Critic: Our critic uses the same encoder as our actor. It uses once the pointing mechanism with \(q=0_{d'}\). The critic’s pointing distribution over cities \(p_{\phi }(s)\) defines a glimpse vector \(gl_{s}\) computed as a weighted sum of the action vectors \(A = (a_{1},...,a_{n})\)

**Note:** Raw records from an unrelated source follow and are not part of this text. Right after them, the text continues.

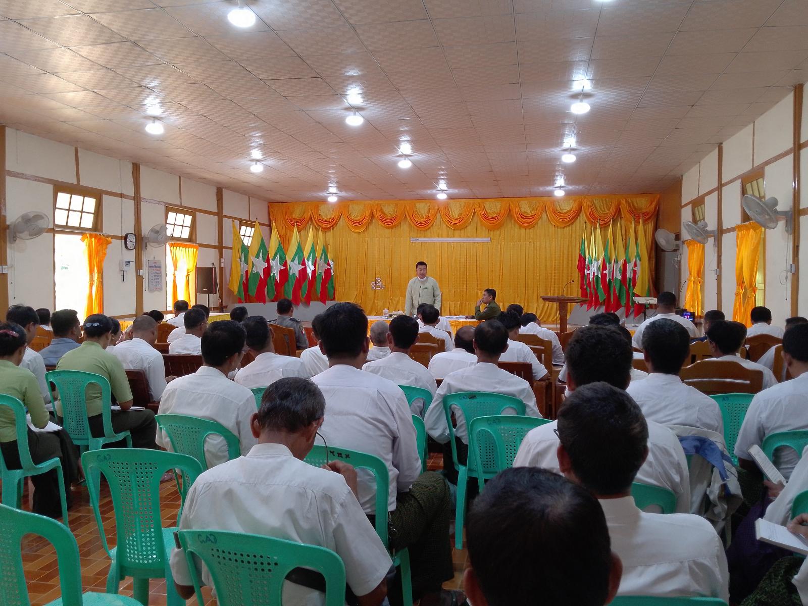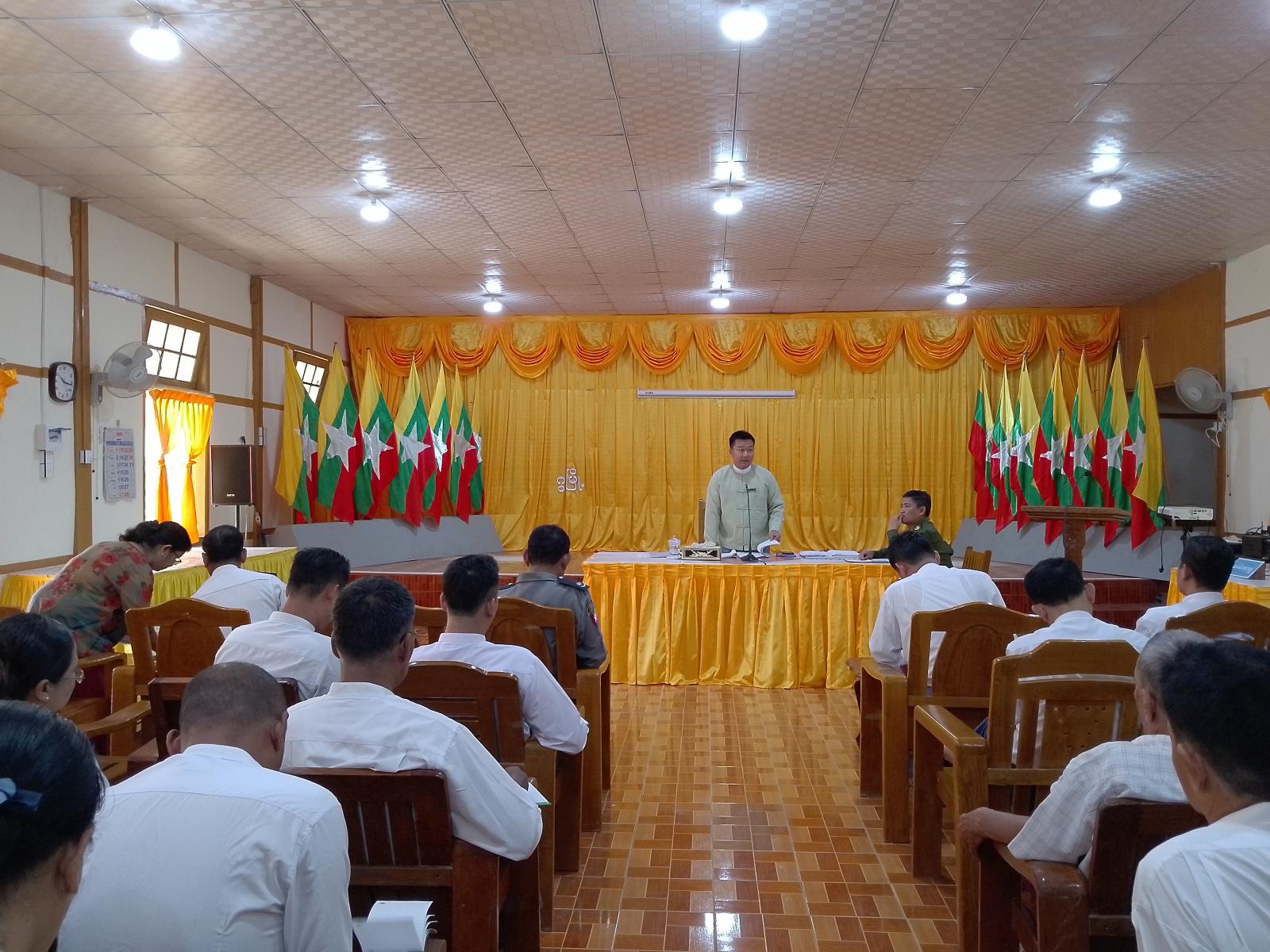 အစည်းအဝေးတွင် မြို့နယ်စီမံအုပ်ချုပ်ရေးအဖွဲ့ဥက္ကဋ္ဌဦးဇာနည်ကျော်က နိုဝင်ဘာလ(၁၅) ရက်နေ့တွင် ကျင်းပမည့် (၂၅)ကြိမ်မြောက် ဝန်ထမ်းပေါင်းစုံ ဘုံကထိန် အောင်မြင်စွာ ဖြစ်မြောက်ရေးအတွက် ဖွဲ့စည်းထားသည့် ကော်မတီများအလိုက် ဆောင်ရွက်ရမည့်လုပ်ငန်းများနှင့် အလှူငွေများ ထည့်ဝင်လှူဒါန်းကြရေး၊ မြို့နယ်တည်ဆောက်ရေး လုပ်ငန်းစီစစ်ရေးကော်မတီကို ခရိုင်စီမံအုပ်ချုပ်ရေးအဖွဲ့၏ ညွှန်ကြားချက်အရ ဖွဲ့စည်းထားရှိရာ ကျပ်သန်း(၅၀)အောက် ပြည်ထောင်စု၊ ပြည်နယ် ငွေလုံးငွေရင်းနှင့် ဆောင်ရွက်သည့် လုပ်ငန်းများနှင့်ပတ်သက်၍ လုပ်ငန်းတာဝန်များအား ဆောင်ရွက်နိုင်ရေး၊ ရပ်ကွက်/ကျေးရွာအုပ်ချုပ်ရေးမှူးများ အနေဖြင့် ကျေးလက်နေ ပြည်သူများနှင့် တိုင်းရင်းသားပြည်သူများအား စာတတ်မြောက်ရေး အကောင် အထည်ဖော် ဆောင်ရွက်ရာတွင် ပညာရေးဌာနမှ စီမံချက်ရေးဆွဲထားသည့်အတိုင်း ကျေးရွာများတွင် စာမတတ်သည့်သက်ကြီးပိုင်းများ၏ စာရင်းအား ပြုစုထားရှိရေးတို့ကို ဆွေးနွေးပြောကြားခဲ့သည်။ ဆက်လက်၍ မြို့နယ်စီမံအုပ်ချုပ်ရေးအဖွဲ့၊ အဖွဲ့ဝင်(၁) ဗိုလ်မှူးသန့်ဇင်အောင်နှင့် ရဲမှူး ခင်မောင်ထွန်းတို့က မြို့၊ရွာ လုံခြုံရေး အကြောင်း ဆွေးနွေးပြောကြား ခဲ့သည်။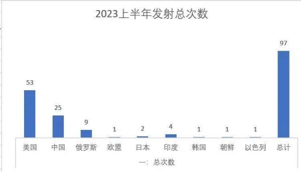 据统计显示,2023年上半年全球总计发射火箭97发。其中美国(53发)、中国(25发)分列前两位,占到全球火箭发射数量的81%。美国上半年进行的53次发射中,49次成功,4次失利;中国上半年进行了25次发射全都成功。
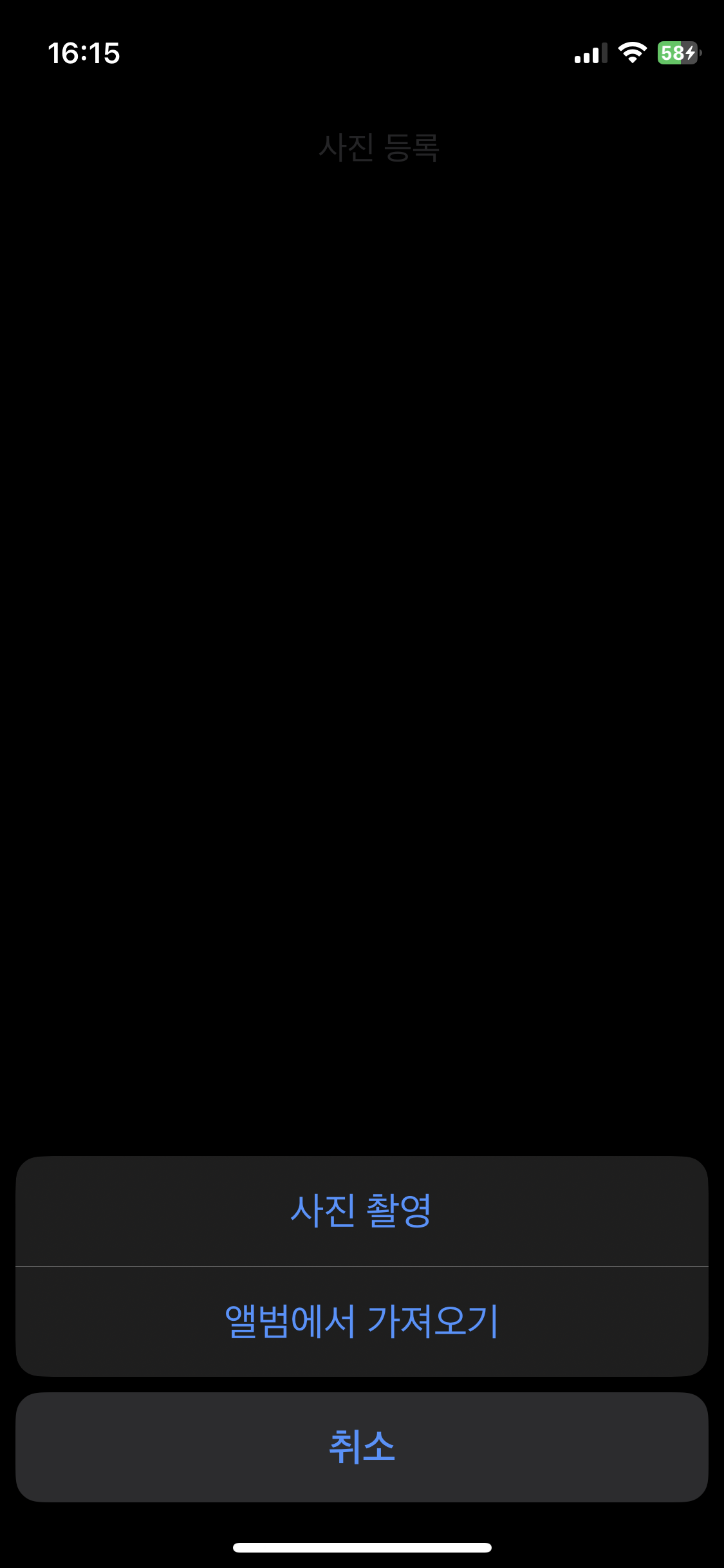 func showActionSheet() { let alertController = UIAlertController(title: nil, message: nil, preferredStyle: .actionSheet) // 사진 촬영 액션 let takePhotoAction = UIAlertAction(title: "사진 촬영", style: .default) { _ in self.openCamera() } // 앨범에서 가져오기 액션 let choosePhotoAction = UIAlertAction(title: "앨범에서 가져오기", style: .default) { _ in self.openPhotoLibrary() } // 취소 액션 let cancelAction = UIAlertAction(title: "취소", style: .cancel, handler: nil) // 액션 추가 alertController.addAction(takePhotoAction) alertController.addAction(choosePhotoAction) alertController.addAction(cancelAction) // 액션 시트 표시 present(alertController, animated: true, completion: nil) }위 코드에 있는 openCamera()와 openPhotoLibrary()함수를 구현해준다.

The glimpse vector \(gl_{s}\) is fed to a 2 fully connected layers with ReLu activations. The critic is trained by minimizing the Mean Square Error between its predictions and the actor’s rewards.
5 Experiments and Results
We conduct experiments to investigate the behavior of the proposed method. We consider a benchmarked test set of 1,000 Euclidean TSP20, TSP50 and TSP100 graphs. Points are drawn uniformly at random in the 2D unit square. Experiments are conducted using Tensorflow 1.3.0. We use mini-batches of 256 sequences of length \(n=20\), \(n=50\) and \(n=100\). The actor and critic embed each city in a 128-dimensional space. Our self attentive encoder consists of 3 stacks with \(h=16\) parallel heads and \(d=128\) hidden dimensions. For each head we use \(d_{h} = d/h = 8\). Our FFN sublayer has input and output dimension d and its inner-layer has dimension \(4d=512\). Queries for the pointing mechanisms are 360-dimensional vectors (\(d'=360\)). The pointing mechanism is computed in a 256-dimensional space (\(d"=256\)). The critic’s feed forward layers consist in 256 and 1 hidden units. Parameters \(\theta \) are initialized with xavier_initializer [22] to avoid saturating the non-linear activation functions and to keep the scale of the gradients roughly the same in all layers. We clip our tanh logits to [−10,10] for the pointing mechanism. Temperature is set to 2.4 for TSP20 and 1.2 for TSP50 and TSP100 during inference. We use Adam [23] optimizer for SGD with \(\beta _{1} = 0.9\), \(\beta _{2} = 0.99\) and \(\epsilon = 10^{-9}\). Our initial learning rate of \(10^{-3}\) is decayed every 5000 steps by 0.96. Our model was trained for 20000 steps on two Tesla K80 (approximately 2h).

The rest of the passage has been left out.